Exhaust treatment system 102 may include an air induction circuit 112, an exhaust circuit 114, and an exhaust gas recirculation (EGR) circuit 116. Air induction circuit 112 may draw air or a mixture of air and other gases into power unit 100 for combustion, which may produce power and exhaust. Exhaust circuit 114 may direct a portion of the exhaust from power unit 100 to the atmosphere, while EGR circuit 116 may recirculate the remaining portion of the exhaust from exhaust circuit 114 to air induction circuit 112.

Air induction circuit 112 may include components that introduce charged air into combustion chambers 106 of power unit 100. For example, air induction circuit 112 may include an air inlet port 118, an intake passageway 120, a compressor 122, an intake fluid conduit 124, and an air cooler 126. It is contemplated that additional and/or different components may be included within air induction circuit 112 such as, for example, a wastegate, a bypass system, a control system, and other means known in the art for introducing charged air into combustion chambers 106.

Air inlet port 118 may fluidly communicate with intake passageway 120, and may be associated with an air cleaner to clean the air entering air induction circuit 112. Intake passageway 120 may also fluidly communicate compressor 122 with air inlet port 118.

Compressor 122 may be fluidly connected to the one or more inlet ports of intake manifold 108 via intake fluid conduit 124 to compress the air flowing into power unit 100. Compressor 122 may embody a fixed geometry compressor, a variable geometry compressor, or any other type of compressor known in the art. It is contemplated that multiple compressors 122 may alternatively be included within air induction circuit 112 and disposed in a series or parallel relationship. It is further contemplated, however, that compressor 122 may be absent, if a naturally-aspirated engine is desired.

Air cooler 126 may facilitate the transfer of heat to or from the air compressed by compressor 122, prior to the compressed air entering intake manifold 108. For example, air cooler 126 may embody an air-to-air heat exchanger or a liquid-to-air heat exchanger. Air cooler 126 may include a tube and shell type heat exchanger, a plate type heat exchanger, or any other type of heat exchanger known in the art. In the embodiment exemplified by FIG. 1, air cooler 126 is disposed downstream of compressor 122 and upstream of intake manifold 108. However air cooler 126 may alternatively be located upstream of compressor 122, if desired.

Exhaust circuit 114 may include components that treat and fluidly direct the exhaust from combustion chambers 106. For example, exhaust circuit 114 may include a turbine 128, an exhaust fluid conduit 130, an exhaust passageway 132, a particulate filter 134, a catalytic device 136, and an exhaust port 138. It is contemplated that exhaust circuit 114 may include additional and/or different components than those recited above such as, for example, one or more additional catalytic devices 150 disposed in a series or parallel relationship with catalytic device 136, or any other exhaust circuit component known in the art.

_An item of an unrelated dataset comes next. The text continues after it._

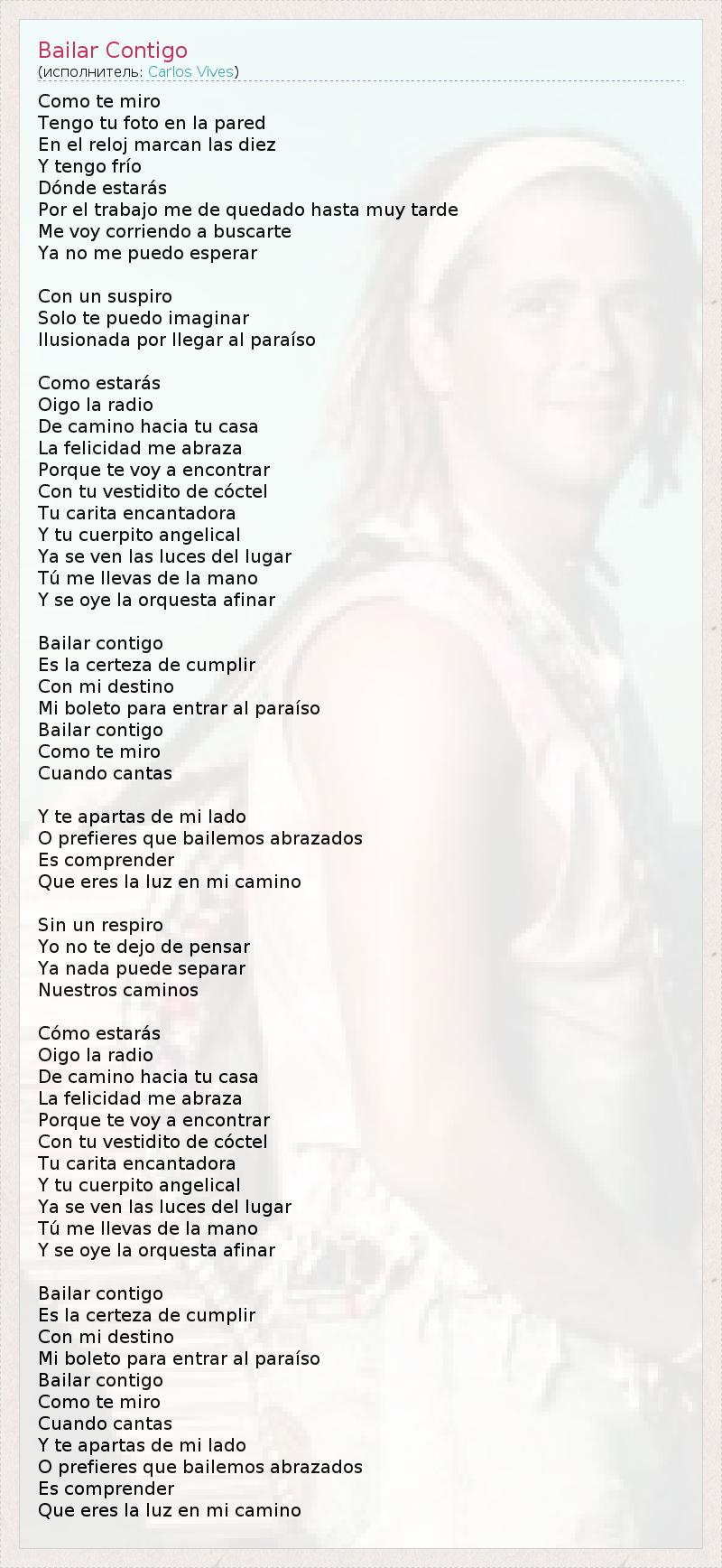 Como te miro Tengo tu foto en la pared En el reloj marcan las diez Y tengo frío Dónde estarás Por el trabajo me de quedado hasta muy tarde Me voy corriendo a buscarte Ya no me puedo esperar Con un suspiro Solo te puedo imaginar Ilusionada por llegar al paraíso Como estarás Oigo la radio De camino hacia tu casa La felicidad me abraza Porque te voy a encontrar Con tu vestidito de cóctel Tu carita encantadora Y tu cuerpito angelical Ya se ven las luces del lugar Tú me llevas de la mano Y se oye la orquesta afinar Bailar contigo Es la certeza de cumplir Con mi destino Mi boleto para entrar al paraíso Bailar contigo Como te miro Cuando cantas Y te apartas de mi lado O prefieres que bailemos abrazados Es comprender Que eres la luz en mi camino Sin un respiro Yo no te dejo de pensar Ya nada puede separar Nuestros caminos Cómo estarás Oigo la radio De camino hacia tu casa La felicidad me abraza Porque te voy a encontrar Con tu vestidito de cóctel Tu carita encantadora Y tu cuerpito angelical Ya se ven las luces del lugar Tú me llevas de la mano Y se oye la orquesta afinar Bailar contigo Es la certeza de cumplir Con mi destino Mi boleto para entrar al paraíso Bailar contigo Como te miro Cuando cantas Y te apartas de mi lado O prefieres que bailemos abrazados Es comprender Que eres la luz en mi camino

Turbine 128 may receive the exhaust from combustion chambers 106 via exhaust fluid conduit 130, which may be in fluid communication with the one or more outlets of exhaust manifold 110. Turbine 128 may be connected to drive compressor 122, with turbine 128 and compressor 122, together, embodying a turbocharger. In particular, as the hot exhaust gases exiting power unit 100 expand against the blades (not shown) of turbine 128, turbine 128 may rotate and drive compressor 122. It is contemplated that more than one turbine 128 may alternatively be included within exhaust circuit 114 and disposed in a parallel or series relationship, if desired. The one or more turbines 128 may further be arranged in a turbocompounding configuration wherein at least one turbine is coupled with power unit 100 such that power produced by the turbine is returned to power unit 100. For example, a turbine may be disposed in a series relationship with turbine 128 and mechanically, hydraulically, or electrically linked to the crankshaft (not shown) of power unit 100. It is also contemplated that turbine 128 may be omitted and compressor 122 driven by power unit 100 mechanically, hydraulically, electrically, or in any other manner known in the art, if desired.

After exiting turbine 128, the exhaust may be fluidly directed through exhaust passageway 132. Particulate filter 134 may be disposed within exhaust passageway 132 downstream of turbine 128. As exhaust from power unit 100 flows through exhaust passageway 132, particulate filter 134 may remove particulate matter from the exhaust flow. Particulate filter 134 may include, among other things, a wire mesh or ceramic honeycomb filtration medium, or a wall-flow style filter.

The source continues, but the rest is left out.